Well that would be most interesting, I wonder how much one makes investing into security technology?

https://www.cbc.ca/news/politics/stephen-harper-fadden-israel-awz-cybersecurity-1.5989054

_Former prime minister Stephen Harper is working with former leaders of three major intelligence agencies — the Mossad, the CIA and MI5 — in a Canadian private investment company.

AWZ Ventures invests in Israeli cybersecurity, intelligence and physical security technologies._


----------



## Retired AF Guy (16 Apr 2021)

And so what?


----------



## RangerRay (16 Apr 2021)

Queue the left-wing/anti-Zionist conspiracy theorists...🙄


----------



## CBH99 (17 Apr 2021)

Also queue the eager 'investing rookies' on which stock to take a closer look at & pick up some


----------



## Blackadder1916 (17 Apr 2021)

Colin Parkinson said:


> _Former prime minister Stephen Harper is working with former leaders of three major intelligence agencies — the Mossad, the CIA and MI5 — in a Canadian private investment company.
> 
> AWZ Ventures invests in Israeli cybersecurity, intelligence and physical security technologies._



To see who he is playing with . . . 
	

			https://www.awzventures.ca/awz-team.html


----------



## Fishbone Jones (17 Apr 2021)

So, we have a private citizen, joining a legal enterprise that has no connection to scandal, illegal activities or otherwise.
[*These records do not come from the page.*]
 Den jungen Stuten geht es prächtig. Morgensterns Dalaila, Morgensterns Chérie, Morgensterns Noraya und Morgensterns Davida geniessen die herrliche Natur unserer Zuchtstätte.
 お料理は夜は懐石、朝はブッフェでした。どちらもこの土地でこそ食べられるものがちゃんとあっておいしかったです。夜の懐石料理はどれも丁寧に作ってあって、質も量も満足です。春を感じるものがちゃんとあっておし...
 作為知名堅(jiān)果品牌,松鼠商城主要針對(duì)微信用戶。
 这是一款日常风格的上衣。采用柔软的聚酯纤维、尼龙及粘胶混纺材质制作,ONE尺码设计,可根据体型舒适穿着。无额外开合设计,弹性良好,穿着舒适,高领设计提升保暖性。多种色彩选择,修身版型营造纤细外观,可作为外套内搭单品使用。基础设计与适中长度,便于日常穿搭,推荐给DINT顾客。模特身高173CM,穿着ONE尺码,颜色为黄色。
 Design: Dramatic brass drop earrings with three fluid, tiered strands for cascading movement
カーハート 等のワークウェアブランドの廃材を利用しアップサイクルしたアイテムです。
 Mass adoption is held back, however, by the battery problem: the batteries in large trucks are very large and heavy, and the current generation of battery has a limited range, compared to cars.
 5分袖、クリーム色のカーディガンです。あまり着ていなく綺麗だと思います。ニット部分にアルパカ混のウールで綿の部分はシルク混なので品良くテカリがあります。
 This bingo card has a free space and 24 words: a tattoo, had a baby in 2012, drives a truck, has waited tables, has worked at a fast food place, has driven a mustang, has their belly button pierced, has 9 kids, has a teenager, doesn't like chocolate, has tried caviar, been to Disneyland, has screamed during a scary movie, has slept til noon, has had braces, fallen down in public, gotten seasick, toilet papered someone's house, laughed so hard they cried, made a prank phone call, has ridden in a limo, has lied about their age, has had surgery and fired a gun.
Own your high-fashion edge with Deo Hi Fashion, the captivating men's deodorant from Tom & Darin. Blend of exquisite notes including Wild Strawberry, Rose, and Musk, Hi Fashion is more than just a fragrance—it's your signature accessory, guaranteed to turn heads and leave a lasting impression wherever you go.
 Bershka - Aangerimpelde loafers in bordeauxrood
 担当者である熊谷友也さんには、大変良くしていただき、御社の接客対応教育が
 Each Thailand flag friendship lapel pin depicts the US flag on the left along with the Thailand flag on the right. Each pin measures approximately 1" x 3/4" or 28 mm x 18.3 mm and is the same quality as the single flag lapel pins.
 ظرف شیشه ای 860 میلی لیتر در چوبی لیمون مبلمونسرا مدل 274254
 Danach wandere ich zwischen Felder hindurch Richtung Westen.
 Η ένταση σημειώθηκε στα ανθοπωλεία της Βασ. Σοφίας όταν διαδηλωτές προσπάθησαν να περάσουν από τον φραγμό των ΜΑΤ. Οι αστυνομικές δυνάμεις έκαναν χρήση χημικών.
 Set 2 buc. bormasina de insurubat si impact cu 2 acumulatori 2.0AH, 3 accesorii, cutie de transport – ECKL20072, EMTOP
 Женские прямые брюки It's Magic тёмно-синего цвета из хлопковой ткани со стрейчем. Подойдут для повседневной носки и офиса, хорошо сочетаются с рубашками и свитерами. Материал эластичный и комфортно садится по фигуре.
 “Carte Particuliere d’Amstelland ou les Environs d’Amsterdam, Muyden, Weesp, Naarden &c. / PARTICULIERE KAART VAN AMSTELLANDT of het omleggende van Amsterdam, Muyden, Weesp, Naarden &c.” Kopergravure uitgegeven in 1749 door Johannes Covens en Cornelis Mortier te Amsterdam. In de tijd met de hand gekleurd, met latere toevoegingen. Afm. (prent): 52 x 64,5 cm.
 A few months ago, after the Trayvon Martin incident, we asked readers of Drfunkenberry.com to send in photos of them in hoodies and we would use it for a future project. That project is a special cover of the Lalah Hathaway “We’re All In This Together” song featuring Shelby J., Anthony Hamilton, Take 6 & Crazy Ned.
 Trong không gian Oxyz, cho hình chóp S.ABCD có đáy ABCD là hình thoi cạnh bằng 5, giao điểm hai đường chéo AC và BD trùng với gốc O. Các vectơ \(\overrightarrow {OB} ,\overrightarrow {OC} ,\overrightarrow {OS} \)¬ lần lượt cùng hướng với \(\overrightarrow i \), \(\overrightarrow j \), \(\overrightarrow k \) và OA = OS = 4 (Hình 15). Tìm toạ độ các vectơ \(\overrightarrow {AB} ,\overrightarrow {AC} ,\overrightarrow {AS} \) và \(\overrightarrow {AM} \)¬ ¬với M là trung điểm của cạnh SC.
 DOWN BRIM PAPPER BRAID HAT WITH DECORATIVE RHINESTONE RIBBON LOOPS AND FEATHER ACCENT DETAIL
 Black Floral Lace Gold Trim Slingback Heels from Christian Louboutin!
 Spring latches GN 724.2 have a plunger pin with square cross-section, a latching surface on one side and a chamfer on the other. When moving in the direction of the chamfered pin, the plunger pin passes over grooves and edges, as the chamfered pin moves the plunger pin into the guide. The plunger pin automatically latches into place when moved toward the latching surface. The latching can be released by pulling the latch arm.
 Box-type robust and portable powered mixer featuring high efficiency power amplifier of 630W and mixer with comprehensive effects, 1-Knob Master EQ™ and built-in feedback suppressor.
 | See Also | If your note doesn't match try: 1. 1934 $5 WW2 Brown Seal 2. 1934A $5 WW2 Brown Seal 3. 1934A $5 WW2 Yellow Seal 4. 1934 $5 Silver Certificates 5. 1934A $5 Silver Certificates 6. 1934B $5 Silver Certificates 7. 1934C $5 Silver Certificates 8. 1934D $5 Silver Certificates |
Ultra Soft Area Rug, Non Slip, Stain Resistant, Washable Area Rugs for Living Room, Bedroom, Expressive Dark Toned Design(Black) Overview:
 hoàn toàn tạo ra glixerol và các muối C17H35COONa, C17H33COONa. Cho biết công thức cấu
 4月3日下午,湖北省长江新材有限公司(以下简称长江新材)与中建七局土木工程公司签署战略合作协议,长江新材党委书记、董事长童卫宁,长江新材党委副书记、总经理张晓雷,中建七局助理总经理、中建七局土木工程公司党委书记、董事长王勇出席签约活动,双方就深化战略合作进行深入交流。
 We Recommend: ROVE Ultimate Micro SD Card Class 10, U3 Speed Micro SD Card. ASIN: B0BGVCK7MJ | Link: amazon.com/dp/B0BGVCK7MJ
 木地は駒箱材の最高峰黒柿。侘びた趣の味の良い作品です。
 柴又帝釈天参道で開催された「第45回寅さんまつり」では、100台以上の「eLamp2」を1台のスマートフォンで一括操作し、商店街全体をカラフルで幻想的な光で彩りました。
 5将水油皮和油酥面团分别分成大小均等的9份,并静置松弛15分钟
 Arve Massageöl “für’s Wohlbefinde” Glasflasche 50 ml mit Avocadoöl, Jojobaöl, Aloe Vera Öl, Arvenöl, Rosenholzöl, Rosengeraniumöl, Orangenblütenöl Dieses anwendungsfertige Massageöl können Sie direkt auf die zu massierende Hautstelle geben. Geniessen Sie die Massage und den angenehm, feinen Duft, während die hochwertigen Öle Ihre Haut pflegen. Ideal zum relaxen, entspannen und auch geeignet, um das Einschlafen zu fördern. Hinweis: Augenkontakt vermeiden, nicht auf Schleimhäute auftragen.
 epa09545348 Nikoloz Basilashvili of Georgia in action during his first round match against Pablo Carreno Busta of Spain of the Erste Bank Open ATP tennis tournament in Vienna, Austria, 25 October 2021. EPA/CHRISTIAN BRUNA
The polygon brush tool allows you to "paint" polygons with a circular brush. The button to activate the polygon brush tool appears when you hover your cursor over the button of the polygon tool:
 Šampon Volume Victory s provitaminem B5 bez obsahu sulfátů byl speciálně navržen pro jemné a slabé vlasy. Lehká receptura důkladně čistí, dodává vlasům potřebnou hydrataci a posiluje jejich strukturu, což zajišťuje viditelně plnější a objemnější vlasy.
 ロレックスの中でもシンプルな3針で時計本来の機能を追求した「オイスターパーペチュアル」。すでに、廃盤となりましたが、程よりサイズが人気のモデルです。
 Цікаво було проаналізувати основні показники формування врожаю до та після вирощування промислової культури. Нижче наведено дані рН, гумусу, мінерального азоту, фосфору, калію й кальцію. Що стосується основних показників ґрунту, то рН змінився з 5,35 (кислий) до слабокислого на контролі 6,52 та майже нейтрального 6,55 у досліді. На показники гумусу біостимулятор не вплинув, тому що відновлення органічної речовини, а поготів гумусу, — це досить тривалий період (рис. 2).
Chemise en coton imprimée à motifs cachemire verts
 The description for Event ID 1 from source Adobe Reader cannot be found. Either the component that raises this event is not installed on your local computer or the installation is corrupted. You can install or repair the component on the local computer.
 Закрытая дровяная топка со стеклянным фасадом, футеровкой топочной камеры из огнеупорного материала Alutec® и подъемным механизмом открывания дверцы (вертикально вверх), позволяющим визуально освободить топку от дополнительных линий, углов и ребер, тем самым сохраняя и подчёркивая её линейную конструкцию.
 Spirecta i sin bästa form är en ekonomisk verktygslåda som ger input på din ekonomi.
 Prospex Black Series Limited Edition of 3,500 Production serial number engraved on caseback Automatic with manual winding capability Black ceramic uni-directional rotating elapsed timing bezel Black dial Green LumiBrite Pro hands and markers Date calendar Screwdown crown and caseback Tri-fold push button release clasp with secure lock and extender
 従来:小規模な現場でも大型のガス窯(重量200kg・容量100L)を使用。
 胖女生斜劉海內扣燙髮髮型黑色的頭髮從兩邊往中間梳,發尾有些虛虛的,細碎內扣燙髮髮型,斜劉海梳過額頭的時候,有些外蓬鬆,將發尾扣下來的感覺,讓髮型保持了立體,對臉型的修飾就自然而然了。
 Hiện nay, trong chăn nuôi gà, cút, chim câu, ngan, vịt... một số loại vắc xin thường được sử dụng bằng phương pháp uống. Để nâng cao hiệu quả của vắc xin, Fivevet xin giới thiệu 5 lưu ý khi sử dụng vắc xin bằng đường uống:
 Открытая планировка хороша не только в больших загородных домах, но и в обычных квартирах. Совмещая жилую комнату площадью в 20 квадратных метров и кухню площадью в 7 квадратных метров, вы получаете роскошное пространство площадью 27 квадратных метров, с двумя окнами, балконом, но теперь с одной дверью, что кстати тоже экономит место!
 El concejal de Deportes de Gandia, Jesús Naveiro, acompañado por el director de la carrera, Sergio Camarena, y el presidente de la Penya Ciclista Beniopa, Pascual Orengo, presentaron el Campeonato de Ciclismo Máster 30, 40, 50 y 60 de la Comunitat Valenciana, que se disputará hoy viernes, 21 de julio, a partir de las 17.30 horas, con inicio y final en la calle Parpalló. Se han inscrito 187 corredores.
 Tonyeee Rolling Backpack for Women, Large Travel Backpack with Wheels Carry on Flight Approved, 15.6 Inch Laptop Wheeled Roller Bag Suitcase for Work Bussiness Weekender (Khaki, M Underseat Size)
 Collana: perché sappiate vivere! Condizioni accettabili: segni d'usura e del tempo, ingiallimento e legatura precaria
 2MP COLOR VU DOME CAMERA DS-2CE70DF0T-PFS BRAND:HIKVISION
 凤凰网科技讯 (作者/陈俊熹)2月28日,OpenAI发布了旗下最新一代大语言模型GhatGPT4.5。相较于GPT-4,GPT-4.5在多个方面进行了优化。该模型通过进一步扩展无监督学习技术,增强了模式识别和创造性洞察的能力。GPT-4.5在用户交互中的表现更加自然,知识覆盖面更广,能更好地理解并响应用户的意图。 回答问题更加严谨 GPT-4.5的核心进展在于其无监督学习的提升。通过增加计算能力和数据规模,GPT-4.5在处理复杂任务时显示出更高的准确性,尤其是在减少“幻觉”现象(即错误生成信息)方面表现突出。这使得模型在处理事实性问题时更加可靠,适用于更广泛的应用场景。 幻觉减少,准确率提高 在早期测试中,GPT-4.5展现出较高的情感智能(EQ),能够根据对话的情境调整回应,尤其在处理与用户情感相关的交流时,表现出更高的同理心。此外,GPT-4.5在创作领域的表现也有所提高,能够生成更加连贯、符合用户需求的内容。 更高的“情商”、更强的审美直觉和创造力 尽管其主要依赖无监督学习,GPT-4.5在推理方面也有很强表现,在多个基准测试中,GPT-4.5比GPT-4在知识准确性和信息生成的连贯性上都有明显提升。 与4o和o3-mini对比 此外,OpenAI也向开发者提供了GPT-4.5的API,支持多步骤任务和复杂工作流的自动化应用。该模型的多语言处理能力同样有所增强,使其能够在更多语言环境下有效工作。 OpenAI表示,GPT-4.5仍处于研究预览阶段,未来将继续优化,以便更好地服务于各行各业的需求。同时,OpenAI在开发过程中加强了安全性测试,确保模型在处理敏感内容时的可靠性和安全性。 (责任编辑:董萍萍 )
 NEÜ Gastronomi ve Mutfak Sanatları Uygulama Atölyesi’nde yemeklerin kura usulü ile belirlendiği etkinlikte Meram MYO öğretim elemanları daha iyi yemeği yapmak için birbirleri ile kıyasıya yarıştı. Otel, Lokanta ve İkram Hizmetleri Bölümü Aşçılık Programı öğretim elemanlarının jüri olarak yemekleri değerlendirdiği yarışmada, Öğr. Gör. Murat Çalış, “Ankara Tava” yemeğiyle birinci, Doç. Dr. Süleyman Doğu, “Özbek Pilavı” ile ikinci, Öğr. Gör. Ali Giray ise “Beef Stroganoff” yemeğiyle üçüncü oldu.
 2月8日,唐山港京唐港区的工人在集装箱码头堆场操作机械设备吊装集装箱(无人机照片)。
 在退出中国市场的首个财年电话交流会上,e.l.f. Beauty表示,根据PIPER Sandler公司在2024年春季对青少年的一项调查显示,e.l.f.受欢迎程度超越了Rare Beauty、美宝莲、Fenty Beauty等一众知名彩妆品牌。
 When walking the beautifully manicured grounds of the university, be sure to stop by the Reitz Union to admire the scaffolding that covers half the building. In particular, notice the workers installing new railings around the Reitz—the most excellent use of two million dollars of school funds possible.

If I have that right, why is this even a story? It sounds like gossip looking for shenanigans.


----------



## Halifax Tar (17 Apr 2021)

Fishbone Jones said:


> So, we have a private citizen, joining a legal enterprise that has no connection to scandal, illegal activities or otherwise. If I have that right, why is this even a story? It sounds like gossip looking for shenanigans.



Because Stephen Harper is the boogey man


----------



## Colin Parkinson (17 Apr 2021)

Proof he is part of the evil Zionist Global Cabal funding Mossad Stripper Assassins.


----------



## cavalryman (17 Apr 2021)

Colin Parkinson said:


> Proof he is part of the evil Zionist Global Cabal funding Mossad Stripper Assassins.


Oooh... Stripper Assassins. Sounds like the plot for a risqué caper movie.


----------



## Good2Golf (17 Apr 2021)

cavalryman said:


> Oooh... Stripper Assassins. Sounds like the plot for a risqué caper movie.


Sounds more dangerous the stripper dry-wallers...


----------



## OldSolduer (17 Apr 2021)

cavalryman said:


> Oooh... Stripper Assassins. Sounds like the plot for a risqué caper movie.


I'm in - how and where can I invest?


----------



## dimsum (18 Apr 2021)

cavalryman said:


> Oooh... Stripper Assassins. Sounds like the plot for a risqué caper movie.


I'm not going to check, but I'd be surprised if some...uh...movie already has that.  

Most likely behind the curtain in old-timey video stores.


----------